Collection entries
#####

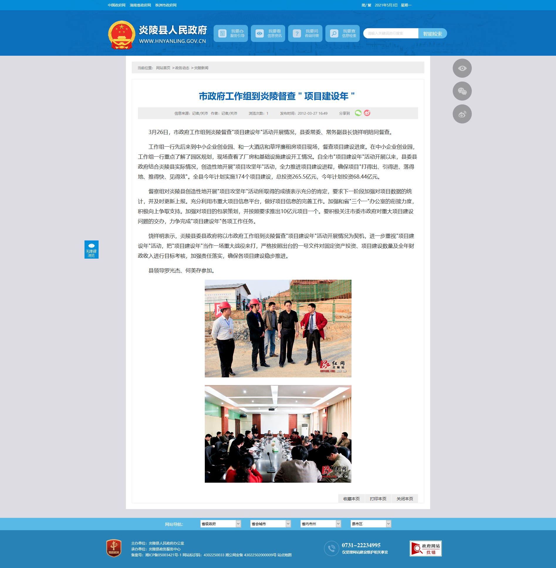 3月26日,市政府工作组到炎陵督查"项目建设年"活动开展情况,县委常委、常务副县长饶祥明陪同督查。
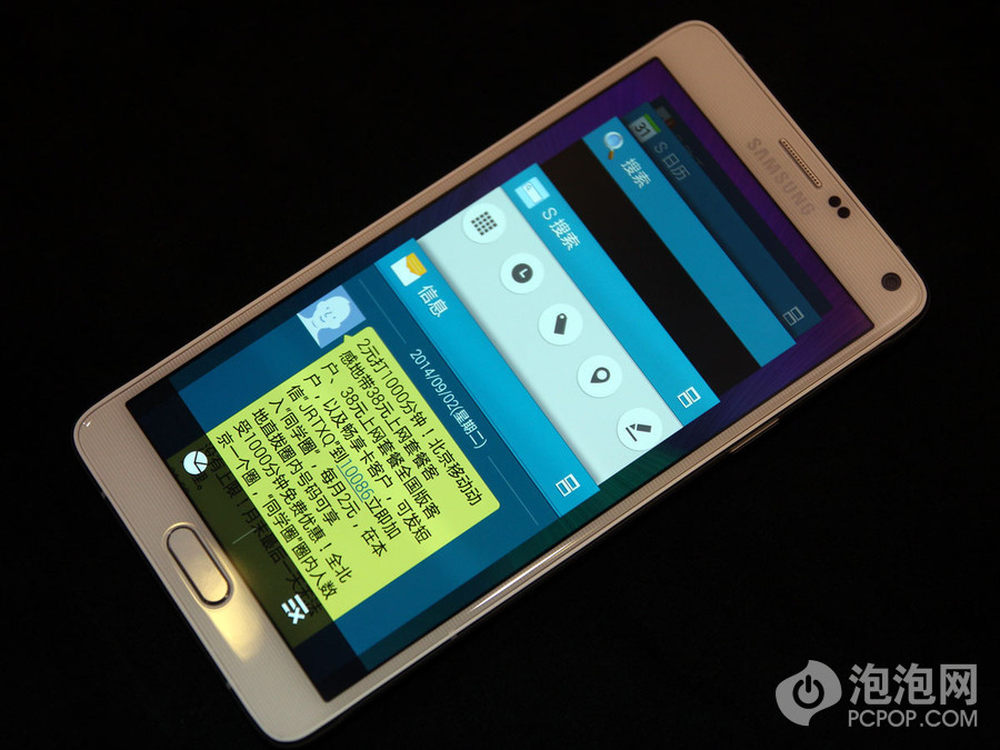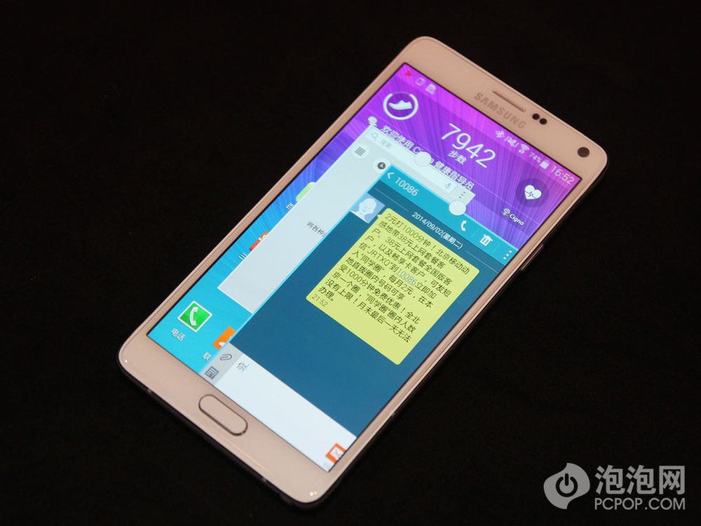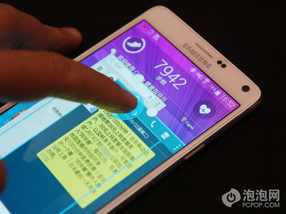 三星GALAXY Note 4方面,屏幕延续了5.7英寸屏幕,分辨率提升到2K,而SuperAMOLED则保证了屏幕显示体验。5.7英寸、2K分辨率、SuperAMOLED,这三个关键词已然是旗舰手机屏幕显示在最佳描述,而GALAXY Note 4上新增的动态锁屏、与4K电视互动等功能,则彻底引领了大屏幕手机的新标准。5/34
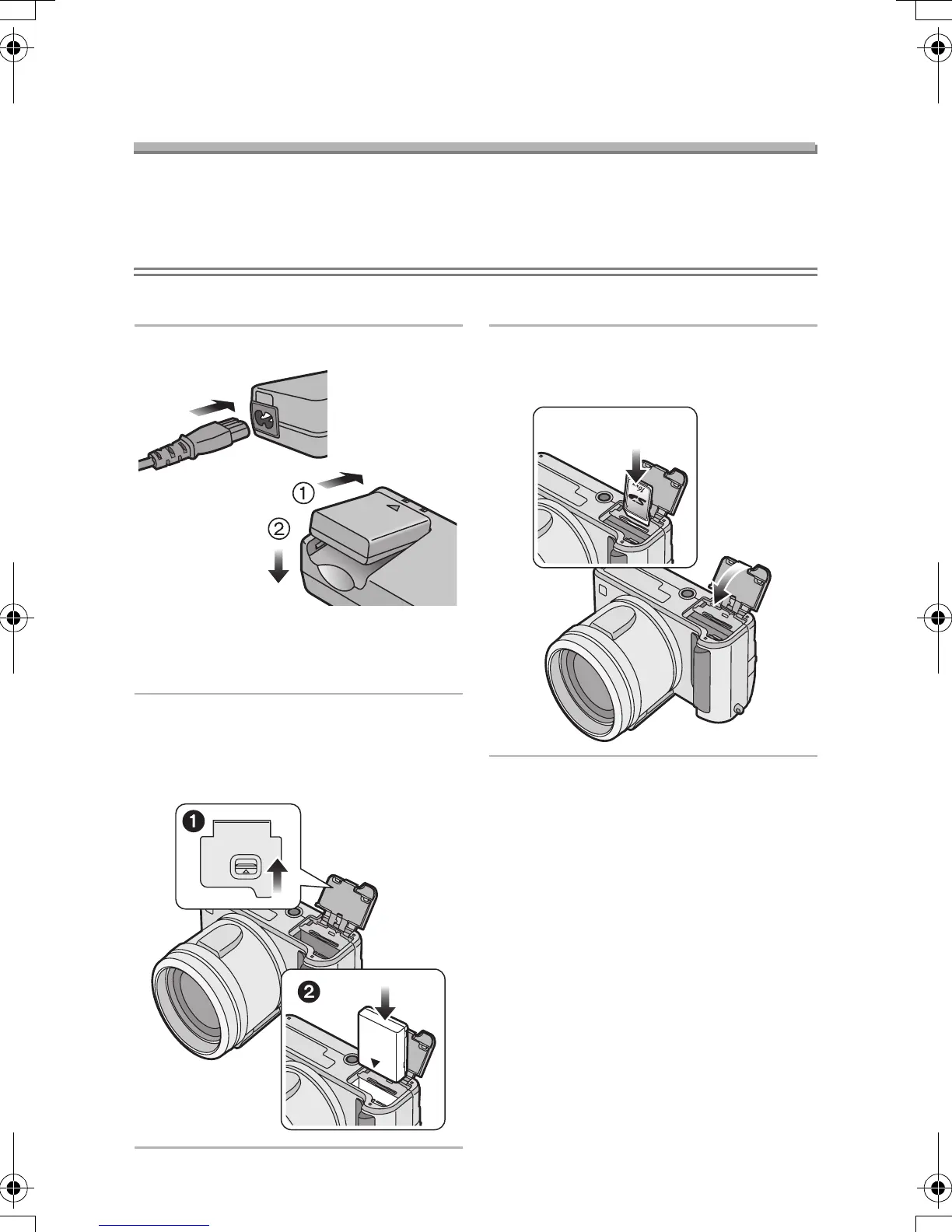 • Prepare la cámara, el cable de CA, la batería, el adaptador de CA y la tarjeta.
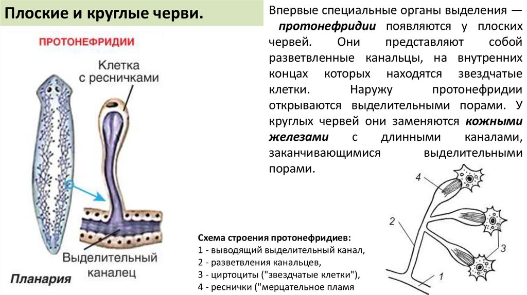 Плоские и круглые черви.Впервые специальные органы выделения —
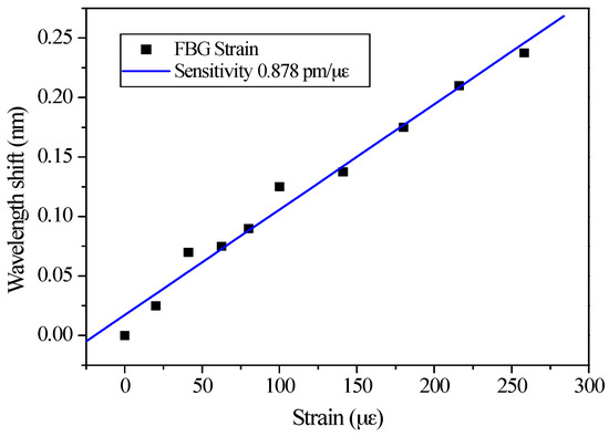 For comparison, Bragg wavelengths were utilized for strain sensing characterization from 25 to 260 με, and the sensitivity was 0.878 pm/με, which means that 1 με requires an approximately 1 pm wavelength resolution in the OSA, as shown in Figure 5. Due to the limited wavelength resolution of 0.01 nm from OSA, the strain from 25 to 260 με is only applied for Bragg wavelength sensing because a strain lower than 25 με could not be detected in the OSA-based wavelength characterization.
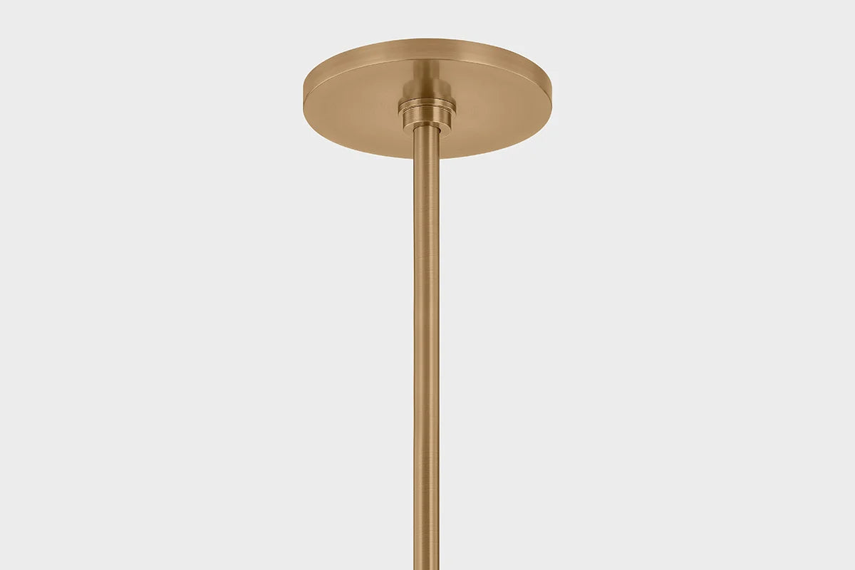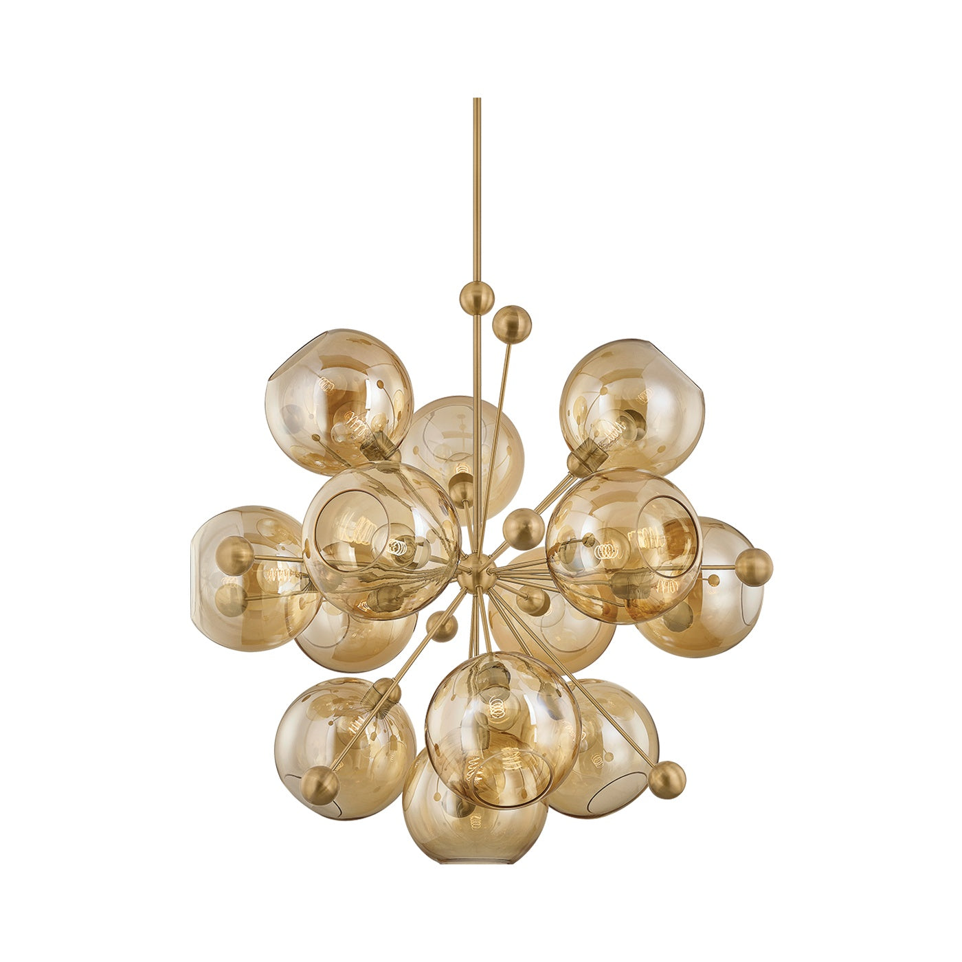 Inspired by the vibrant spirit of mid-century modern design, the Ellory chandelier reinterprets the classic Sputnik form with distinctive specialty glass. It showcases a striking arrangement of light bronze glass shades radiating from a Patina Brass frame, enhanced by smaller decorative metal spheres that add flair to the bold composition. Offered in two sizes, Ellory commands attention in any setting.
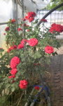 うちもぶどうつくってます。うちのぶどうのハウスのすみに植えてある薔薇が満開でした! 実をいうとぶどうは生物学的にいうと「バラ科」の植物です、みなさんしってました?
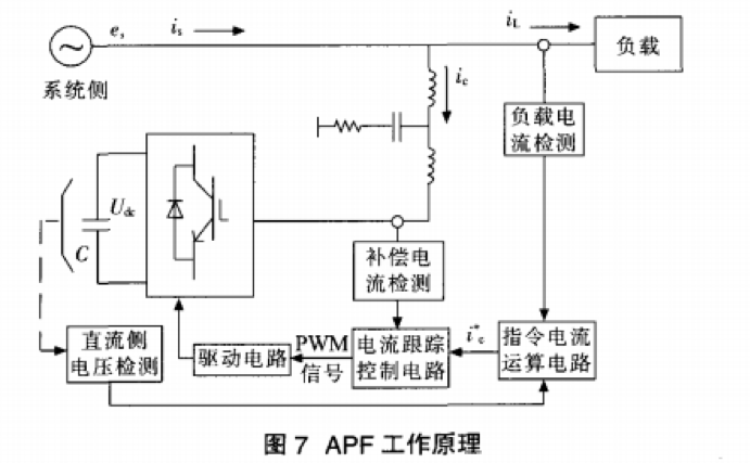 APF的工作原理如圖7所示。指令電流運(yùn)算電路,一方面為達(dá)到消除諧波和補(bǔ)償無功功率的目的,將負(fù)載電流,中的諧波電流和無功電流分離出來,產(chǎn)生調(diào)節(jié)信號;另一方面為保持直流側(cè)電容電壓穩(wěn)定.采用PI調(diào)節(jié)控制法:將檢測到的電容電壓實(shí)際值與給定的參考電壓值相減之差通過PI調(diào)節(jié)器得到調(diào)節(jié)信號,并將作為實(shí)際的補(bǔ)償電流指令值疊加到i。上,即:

#####

**Work to complete**
Among the entries above, copy exactly the stretch from the line holding "Плоские и круглые" through the line holding "For comparison, Bragg", leaving out any pictures.

**Solution below**
 Плоские и круглые черви.Впервые специальные органы выделения —
 For comparison, Bragg wavelengths were utilized for strain sensing characterization from 25 to 260 με, and the sensitivity was 0.878 pm/με, which means that 1 με requires an approximately 1 pm wavelength resolution in the OSA, as shown in Figure 5. Due to the limited wavelength resolution of 0.01 nm from OSA, the strain from 25 to 260 με is only applied for Bragg wavelength sensing because a strain lower than 25 με could not be detected in the OSA-based wavelength characterization.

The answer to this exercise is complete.